Friday, April 18, 2008

I'll Fiiiiiind Yoooou

So there is a new helper on the market at your local grocery store and pharmacy. A computer that tells you exactly which isle and on which shelf certain items that you're looking for reside. This seems like a great idea. I have often wondered why there wasn't a more efficient way of finding things at the grocery store. Scanning through 20 signs with vague descriptions while walking across the entire store is no way to find things, and anyone that doesn't frequent grocery stores will probably agree with me.

I DO, however, have a problem with the character they chose to saddle right above the search screen. Is that really the best they could come up with? That cold, dead stare watching me type is not an appealing thought. I don't go to that guy for finding things in a store. If I want to be molested, I go to that guy. If I want a painting for my wall to poke out the eyes and watch my dinner guests, I look that guy up. If I want my soul sucked out via my eyeballs, he's my guy. I just think that they should have maybe run him through a few test shoppers first, and when they had a few cleanups on isle 9 from people dumping themselves, they'd work on a new character.

P.S. Read this article, his name is Evincii. Looks a lot like Evil to me...

Wednesday, April 02, 2008

Online Wordprocessing and Future Web Apps

I tend to be very interested in the goings on of Google and particularly their applications like Google Docs that replace costly Microsoft products at no cost to me. So when I was reading this article by the Washington Post, I was struck by a statement that the author made in regards to Google Docs becoming a threat to Microsoft's productivity software dominance.
"Current fans of Google Docs will surely appreciate this new feature, but I still have a hard time seeing how a Web-based application could ever replace traditional word processing software for serious business computing."
Really?

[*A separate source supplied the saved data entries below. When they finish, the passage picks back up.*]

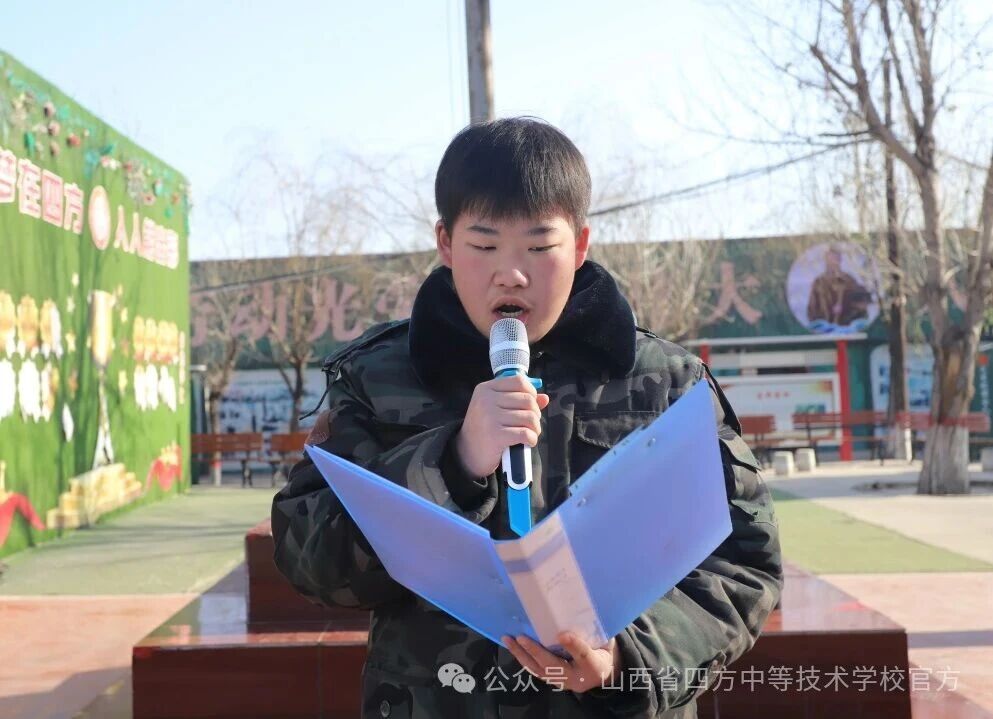 老师们,同学们!五星红旗仍在飘扬,一二九的精神永放光芒。让我们以史为鉴,把爱国之情化为报国之行;让我们以自强为帆,用技能之桨驶向梦想的彼岸。最后,让我们共同喊出心中的誓言:“铭记历史,振兴中华!技能报国,吾辈自强!”
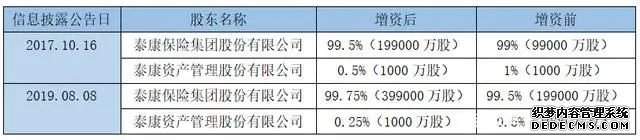 公開信息顯示,泰康在線成立于2015年11月,是泰康集團(tuán)全資設(shè)立的互聯(lián)網(wǎng)保險(xiǎn)公司,初始注冊(cè)資本為10億元。2017年10月和2019年8月,公司股東泰康集團(tuán)先后兩次以貨幣方式向泰康在線增資,增資完成后,泰康在線注冊(cè)資本由初始10億元增加至40億元。而增資的主要原因便是提高償付能力充足率。
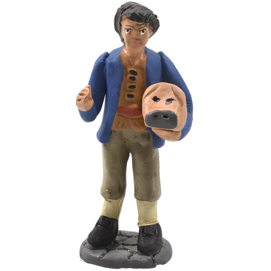Figura de terracota que representa a un carnicero con la cabeza de un cerdo en la mano, figurita estilo napolitano pintada a mano. Al estar realizada artesanalmente, los colores pueden variar ligeramente.
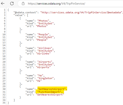 Gehen Sie im Browser zu https://services.odata.org/V4/TripPinService/$metadata, um das Entitätsdatenmodell des OData-Dienstes anzuzeigen. Suchen Sie auf der Seite nach „GetNearestAirport“ und suchen Sie nach dem Entitätssatz-Wert.
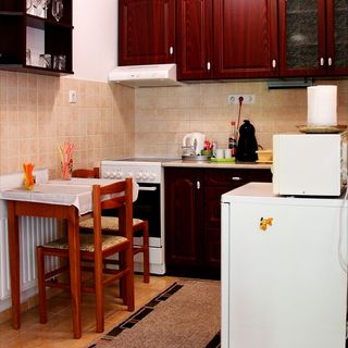 lipiec 2018Hú,az nagyon sok volt.Egyedül voltam,a mérete nekem pont megfelelő volt.A "tisztaság" csak 10-ig értékelhető,de én adnék rá vagy 36-ot. Ha egy lakásnál van értelme a patikatisztaságnak,na ez az volt. Ez azért is bravúr,mert találtam egy kutyalabdát,és ha volt kutya bent,akkor az után így takarítani...Nem gondolnám, hogy Bélabá ezt tömte az arcába horkolás ellen. A konyha 2 személyig nagyon jól felszerelt.Nem csak edényzet van,hanem minden olyan apróság, ami megkönnyíti az egyébként otthon hagyott mindennapokat.A zuhanyból RENDESEN FOLYIK A VÍZ!!!A csaptelepek nem priccolnak szanaszét a vízkőtől!A kenyérpirító morzsatálcája tükörnek is jó lenne!Az elektromos tűzhely olyan, mint ha nem lett volna még használva. Beszagoltam a mosógépbe, és rendes öblítőszaga volt, semmi állott bűz. Az üvegedényeken sehol egy vízcsepp folt. A szaguk semleges volt. A téjvé korszerű, van hdmi bemenete (és vga is!), lehet számítógépre kapcsolni. Van egy tartalék fotelágy, aki a kemény fekhelyeket szereti, ez tökéletes. A rendes ágy már ráülve is túl puhának tűnt. Sok a tükörfelület, volt kihez szólnom. A net elég gyors, nem kell várni, hogy valaki leszakadjon már a fézbukról. A lakótársak köszönnek, és előzékenyek!(!!!) A fürdőszoba elég nagy ahhoz, hogy kényelmesen lehet molyolni, trehány emberek többféle tisztálkodószert is találnak, mindegyik pontosan 84%-ra feltöltve. Van domesztosz is, ha valaki nagyon retkes. Ha valakinek nincs pottyantás utáni nedves törlője, azt is talál. A zuhanyfüggöny patyolattiszta, bátran kihúztam, nem tartottam gyíkemberektől. Ja, a földszinten balra lakó csajt érdemes megkukkantani! A megkukkantás nem egyenlő az ungabungával...

Ever? I imagine a journalist 60 some years ago saying,
"I still have a hard time seeing how a computer-based application could ever replace traditional typewriting for serious business typography."
It just seems like one of those statements that journalists quickly make that goes down in history as an "oh man were they ever wrong". I think that it's pretty clear that the internet is not a fad, and more applications are moving to it, and more than likely our entire operating systems will one day be on a server somewhere that we just access via a dummy laptop that's little more than a window to that OS. Now maybe that's looking a little far down the road, but to say you don't believe Word Processing will EVER be Web-based seems a little narrow minded.